The Poet and the Mystic: Mark Doty 

I have long been an avid admirer of Mark Doty, who has written eloquently on a variety of subjects, in both poetry and prose. Recently, I have been reading his latest book, "Dog Years," which is a tribute to the gallant animal companions he has loved and lost over the years, and also a shrewd commentary on the key issues of our times. I strongly recommend this book, for its intelligence and wit and loving (but not sentimental) examination of the human-animal bond.

Reading this book led me to think once more about Mark as one who chose the path of the artist over that of the pure mystic/saint.

The Artist vs. the Mystic

Mark Doty once had an experience of ecstatic illumination. At the end of an acupuncture session, he was flooded with ecstasy and saw the world for what it is, an infinite field of light pulsating over and through all the objects that together comprise the material universe. He discovered what so many have written about and striven for: everything is light, everything is bathed in love.

I once experienced a somewhat similar experience, which I have tried to describe many times in various ways. When this pivotal illumination occurs, everything shifts into a new dimension, a different way of perceiving reality and oneself. It is as if all the moments of childhood and all that has gone before in one's life were collapsed into one, a single instant, like a breath or an exhalation, or a cutting glimpse into a lover's eye that tells the entire story. Colors now literally change hue, sound carries a different resonance.

For me, that moment was fate itself, consigning me forever into the ranks of those who abdicate insistent judgment (at least in these episodes of surrender), who are swept into the furious arms of an invisible lover, and thus are forever thereafter sworn to fealty and devotion to this utterly featureless but totally convincing reality. Not that I mind. Indeed not. Who would turn away from ecstasy, or the abrupt transition from the world of the mundane and usual into the hidden, secret places where final love prevails?

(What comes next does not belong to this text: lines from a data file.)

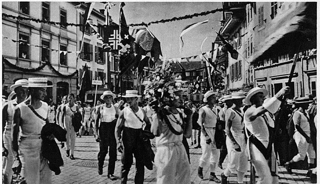
Cortège de la Fête fédérale de gymnastique d'Aarau — Der Festzug des Eidgenössischen Turnfestes in Aarau 1932
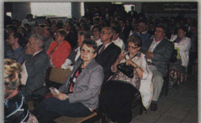
Tak duże zainteresowanie widzów nieco zaskoczyło organizatorów VI konferencji.

„Ukraiński nacjonalizm narodził się w głowach tamtejszej inteligencji. To nie byli przypadkowi ludzie, ale osoby wykształcone, obywatele II Rzeczypospolitej. Chcąc stworzyć niepodległą Ukrainę, stawiali sobie za cel pozbycie się innych narodów
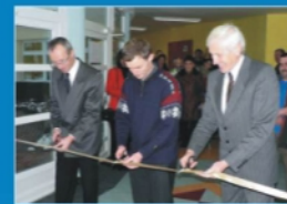
Slavnostní uvedení tepelné čerpadla při ŽS do provozu

But Mark rejected the cosmic bargain, would not give up his innate right to observe and reveal the totality of what he saw, to become the gifted interpreter, the all seeing witness--even in the face of the ultimate, even as he was flooded with signs of election--indeed,what some in fact might term enlightenment itself. Who, moreover, could then translate those acute perceptions of what his attention selected as focus, into language chiseled and breathtaking, so that we too, mute auditors, could also partake of his vision, albeit vicariously.

How can we fault a male who reveals himself as a creature who (like us) weeps over possibly maudlin experience, when he, the ultimate Merlin of language, presents us a kind of etude or tone poem crafted from that experience, like some elegant masterwork composed in a lost century? How can we reject such delicacy of sensibility, such range of response? How can we not both admire and love Mark Doty? And, secretly, feel a kind of gratitude for his "sacrifice," his willingness to fore go the "nirvana" of absolute knowing for immersion in the provisional world of human affairs, the artist rather than the saint?

He wanted to see the world in all its complexity--its shadows as well as its highlights, its failures and deceptions along with its gifts of joy. At times he seems to immerse himself in the immediate experience, with the delight or despair of a child, someone not yet compromised by too much exposure to our flawed human realm . At others, he is the distanced observer, taking the measure of this world and its weaknesses, exposing its faults for all to see.

Yet even here, he approaches with a kind of loving tenderness, revealing our failures in the language of gentle lament rather than bitter diatribe or caustic attack.

And so he became a kind of artist/saint of language, his rich intelligence shaping a world multihued and brilliant, revealing new facets of reality for our pleasure and edification.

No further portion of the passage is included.